Vodafone Europe said it is offering 38 pence per share, a 92 per cent premium over the closing price on Feb. 10, the day before Vodafone signalled its interest.
The board of Cable & Wireless Worldwide, which supplies cable network services, is backing the offer as “fair and reasonable.”
Vodafone shares were down 0.6 per cent at 170.5 pence in early trading. Cable & Wireless Worldwide shares were up 16 per cent at 37.2 pence.
“The offer from Vodafone announced today will enable shareholders to crystallize a value, in cash, that represents a significant premium to recent trading levels and avoid exposure to the risks inevitably presented by executing a medium-term improvement strategy,” said John Barton, CWW’s chairman.
Last year, CWW reported a net profit of 211 million pounds on revenue of 2.26 billion pounds.
Revenue from traditional voice communication has been declining, and CWW has been working to build up its data business.
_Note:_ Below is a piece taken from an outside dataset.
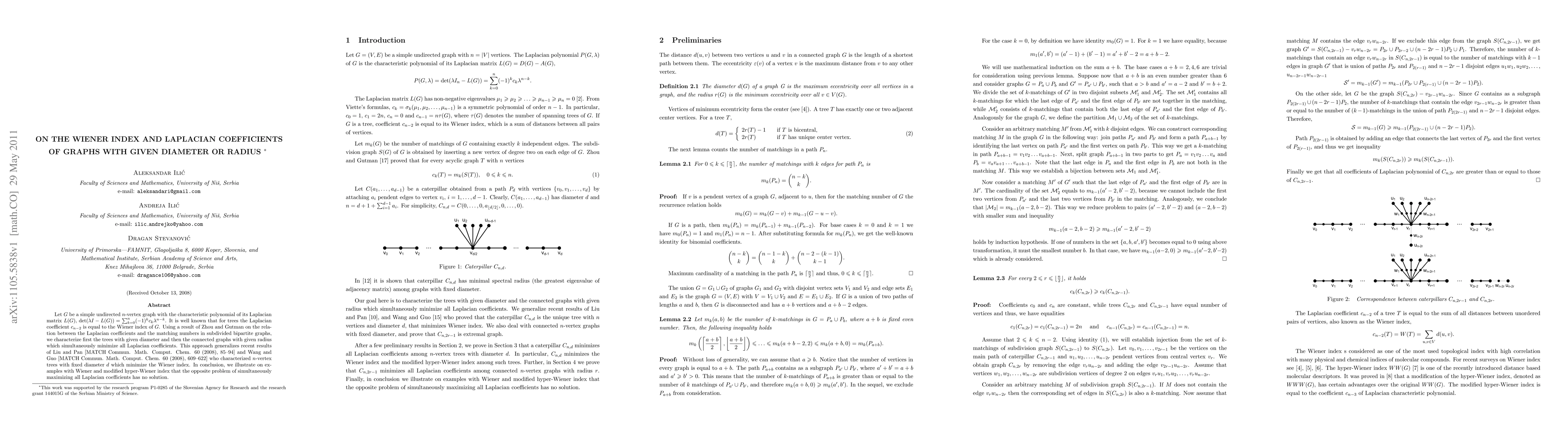 Let $G$ be a simple undirected $n$-vertex graph with the characteristic polynomial of its Laplacian matrix $L(G)$, $\det (\lambda I - L (G))=\sum_{k = 0}^n (-1)^k c_k \lambda^{n - k}$. It is well known that for trees the Laplacian coefficient $c_{n-2}$ is equal to the Wiener index of $G$. Using a result of Zhou and Gutman on the relation between the Laplacian coefficients and the matching numbers in subdivided bipartite graphs, we characterize first the trees with given diameter and then the connected graphs with given radius which simultaneously minimize all Laplacian coefficients. This approach generalizes recent results of Liu and Pan [MATCH Commun. Math. Comput. Chem. 60 (2008), 85--94] and Wang and Guo [MATCH Commun. Math. Comput. Chem. 60 (2008), 609--622] who characterized $n$-vertex trees with fixed diameter $d$ which minimize the Wiener index. In conclusion, we illustrate on examples with Wiener and modified hyper-Wiener index that the opposite problem of simultaneously maximizing all Laplacian coefficients has no solution.

Vittorio Colao, CEO of Vodafone Group, said the takeover offered cost savings in his company’s U.K. and international operations.
CWW, created in 2010 following a demerger, operates a cable network serving 150 countries directly or through local partners, supplying telecoms services to businesses and public sector bodies.
Vodafone’s offer came after Tata Communications dropped out last week as a potential bidder. Now that Vodafone has bid, Tata could come back with an offer.